Verify files landed in production:

ls content/products/*.md | tail -5

Step 7 — Validate

npm run validate:ids

Expected: All content is valid. No issues found.

Step 8 — Commit and push

git add content/products/
git commit -m "content: add batch products from $RUN_ID"
git push origin main

GitHub Actions CI automatically validates, syncs to D1, and deploys to Cloudflare.

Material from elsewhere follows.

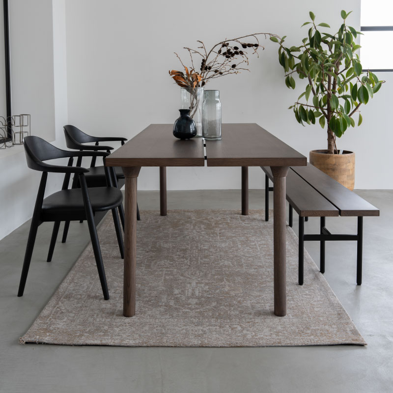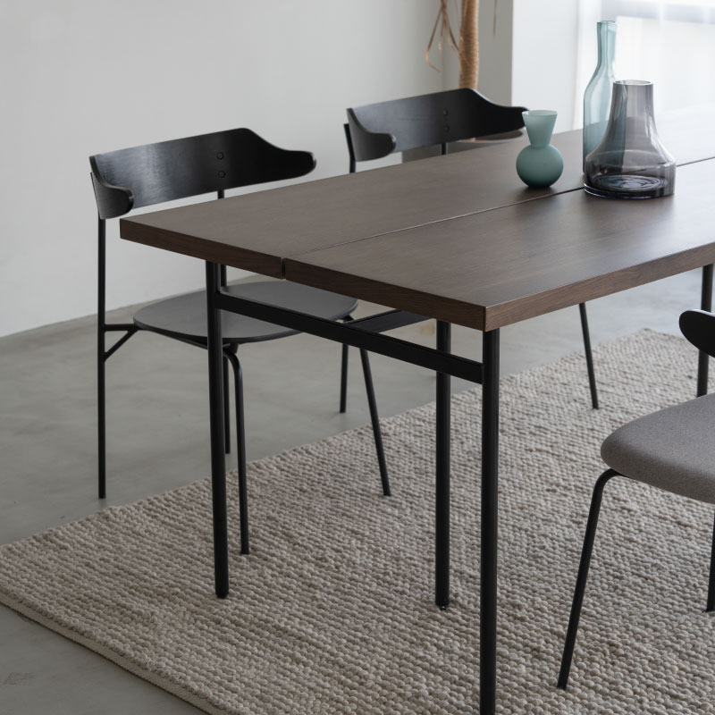 商品情報 天板のスリットが特徴的なベーシックモダンなダイニングテーブル。 脚のデザインは木脚とスチール脚からセレクトできるので、お部屋のシーンに合わせた雰囲気に仕上がります。 カラーは自然で明るい印象のOAKと、落ち着いたトーンのGBRの2色展開で、様々なチェアや空間と合わせやすい色合いを選定しています。

Complete Copy-Paste Script

Replace the values at the top and paste into Terminal:

# --- Configuration (EDIT THESE) ---
cd ~/Documents/github/b2bweb
source .venv/bin/activate

export B2BWEB_ALLOWED_DOMAINS="gadgetfix.com"
export B2BWEB_SOURCE_URL="https://gadgetfix.com/apple-parts.html"
export B2BWEB_KEYWORDS=$'iphone 17 pro max
bluetooth
flex cable
charging port
usb-c'
export B2BWEB_EXCLUDE_TERMS=$'case
protector
tempered glass'

# --- Run intake ---
bash scripts/intake_run.sh

# --- Identify run ---
RUN_ID=$(ls -t content/_incoming/products/ | head -1)
echo "Run: $RUN_ID"

# --- Quick review ---
echo "=== TITLES ==="
grep '^title:' content/_incoming/products/$RUN_ID/*.md

# --- Approve all ---
sed -i '' 's/^review_status: pending$/review_status: approved/' \
  content/_incoming/products/$RUN_ID/*.md

# --- Promote ---
python3 scripts/promote_incoming.py content/_incoming/products/$RUN_ID

# --- Validate and push ---
npm run validate:ids
git add content/products/
git commit -m "content: add batch products from $RUN_ID"
git push origin main

Xxxweb Category Example

Xxxweb category pages include product-card links and extra recommendation links. Use B2BWEB_LINK_CLASS="product-main-img" to import only the visible category products and avoid bottom/related product blocks.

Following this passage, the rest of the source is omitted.